__PROBLEM DESCRIPTION__
Print exactly the lines below between the line containing "Paola Egonu, 23" and the line containing "Madame Florence Elie", counting both of those lines. Leave pictures out.

──────── PROVIDED INFORMATION

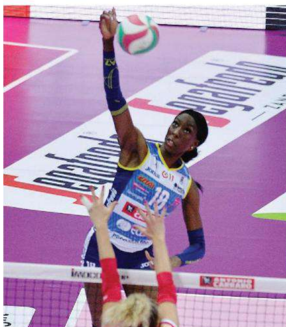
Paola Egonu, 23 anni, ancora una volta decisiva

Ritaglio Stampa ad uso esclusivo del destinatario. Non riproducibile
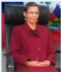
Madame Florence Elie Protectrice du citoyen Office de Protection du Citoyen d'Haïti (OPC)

────────────────
──────── PROVIDED INFORMATION

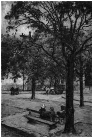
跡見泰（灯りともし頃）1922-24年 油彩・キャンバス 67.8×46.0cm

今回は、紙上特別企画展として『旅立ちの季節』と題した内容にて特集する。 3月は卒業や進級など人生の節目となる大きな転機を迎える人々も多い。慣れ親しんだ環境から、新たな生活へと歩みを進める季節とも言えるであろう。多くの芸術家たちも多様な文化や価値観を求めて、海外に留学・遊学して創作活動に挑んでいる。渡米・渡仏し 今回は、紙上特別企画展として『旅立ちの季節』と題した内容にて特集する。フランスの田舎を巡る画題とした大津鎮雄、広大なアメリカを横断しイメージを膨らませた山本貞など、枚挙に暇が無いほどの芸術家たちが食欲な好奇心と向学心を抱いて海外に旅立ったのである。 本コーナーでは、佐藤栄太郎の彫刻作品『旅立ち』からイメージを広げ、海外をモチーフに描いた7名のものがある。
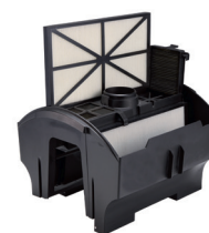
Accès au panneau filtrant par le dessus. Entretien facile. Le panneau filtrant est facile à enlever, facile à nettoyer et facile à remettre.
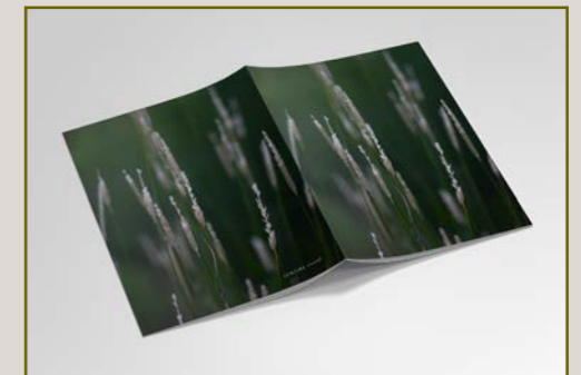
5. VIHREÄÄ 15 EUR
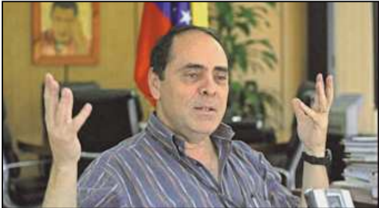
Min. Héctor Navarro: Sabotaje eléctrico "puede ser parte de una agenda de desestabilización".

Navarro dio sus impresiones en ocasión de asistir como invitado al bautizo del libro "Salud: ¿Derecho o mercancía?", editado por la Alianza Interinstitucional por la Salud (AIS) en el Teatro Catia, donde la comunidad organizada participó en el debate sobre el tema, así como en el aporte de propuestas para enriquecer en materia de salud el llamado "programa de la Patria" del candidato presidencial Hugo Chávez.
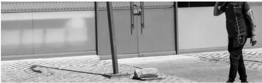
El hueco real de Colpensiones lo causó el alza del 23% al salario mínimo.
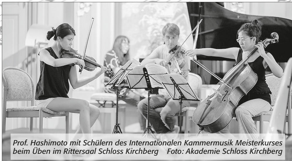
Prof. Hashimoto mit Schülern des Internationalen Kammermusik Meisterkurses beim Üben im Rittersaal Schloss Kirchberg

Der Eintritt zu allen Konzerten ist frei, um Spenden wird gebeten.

────────────────

__RESPONSE TO THIS TASK__
Paola Egonu, 23 anni, ancora una volta decisiva

Ritaglio Stampa ad uso esclusivo del destinatario. Non riproducibile
Madame Florence Elie Protectrice du citoyen Office de Protection du Citoyen d'Haïti (OPC)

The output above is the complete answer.